Lucia Rahilly: Erica, fale um pouco mais sobre a postura passiva e a ativa e o significado delas.
Erica Coe: Houve uma série de estudos que mostraram que as interações passivas, como percorrer postagens no Instagram ou ver todas as experiências que outras pessoas estão tendo, podem estar associadas a diminuições do bem-estar subjetivo ao longo do tempo.
Se você usa as redes sociais de maneira ativa, isso talvez não se limite ao envio de mensagens diretas às pessoas; pode incluir também o uso das redes para fazer contatos profissionais e para desenvolver círculos sociais.
Compare isso com as interações passivas, nas quais você vê quantas curtidas algo pode receber. Mesmo dar uma curtida pode ser considerado passivo porque você não está interagindo de fato com os outros de uma maneira diferente.
A prisão das telas
Lucia Rahilly: Harold, o que a sua pesquisa diz sobre a quantidade de tempo que os adolescentes passam com as telas?
Harold Koplewicz: Analisamos o uso problemático da internet ao longo da pandemia, definido como hábitos de uso da internet que prejudicam a qualidade de vida. Nossa pesquisa indicou que o uso das telas aumentou e continuou alto nos primeiros anos da pandemia. Entre a avaliação inicial de 2019 e nossa pesquisa de maio de 2020, a maioria dos jovens passou de menos de uma hora por dia jogando games para uma a três horas ou mais. E, antes da pandemia, menos de 20% dos jovens usavam streaming de vídeo quatro horas por dia ou mais, mas, em maio de 2020 – lembre-se, já estávamos em confinamento nessa altura –, constatamos que esse número dobrou, ou seja, 40% estavam passando quatro horas por dia ou mais assistindo a vídeos online.

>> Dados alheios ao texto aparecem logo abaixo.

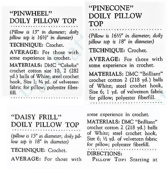 Vintage Thread Crochet Pattern 16" Round Doily Pillow Top Covers PDF Instant Digital Download 3 Lacy Designs Pinwheel Pinecone Daisy Flower

Lucia Rahilly: Esse salto é bem significativo. Algo mais a dizer a respeito da pesquisa sobre o uso de tecnologia entre os adolescentes?
Harold Koplewicz: Bem, houve um claro aumento do uso de redes sociais tanto por jovens como por adultos durante a pandemia. E, depois da pandemia, se os pais estavam usando a internet em demasia, seus filhos provavelmente também a estavam usando em demasia. Mais para frente, em fevereiro de 2021, descobrimos que essas mudanças se mantiveram.
Sabemos que o maior número de horas que os pais passam na internet tem um efeito nítido nos filhos. Até 50% dos adultos estavam vendo mídias digitais quatro ou mais horas por dia, e idem para 40% de seus filhos. Essa é uma quantidade de tempo preocupante porque quanto mais horas você passa na internet ou nas redes sociais, menos horas você dorme. Há mais privação de sono, menos atividade física e menos interações presenciais. E não há dúvida de que precisamos dessas três coisas para um desenvolvimento saudável do cérebro.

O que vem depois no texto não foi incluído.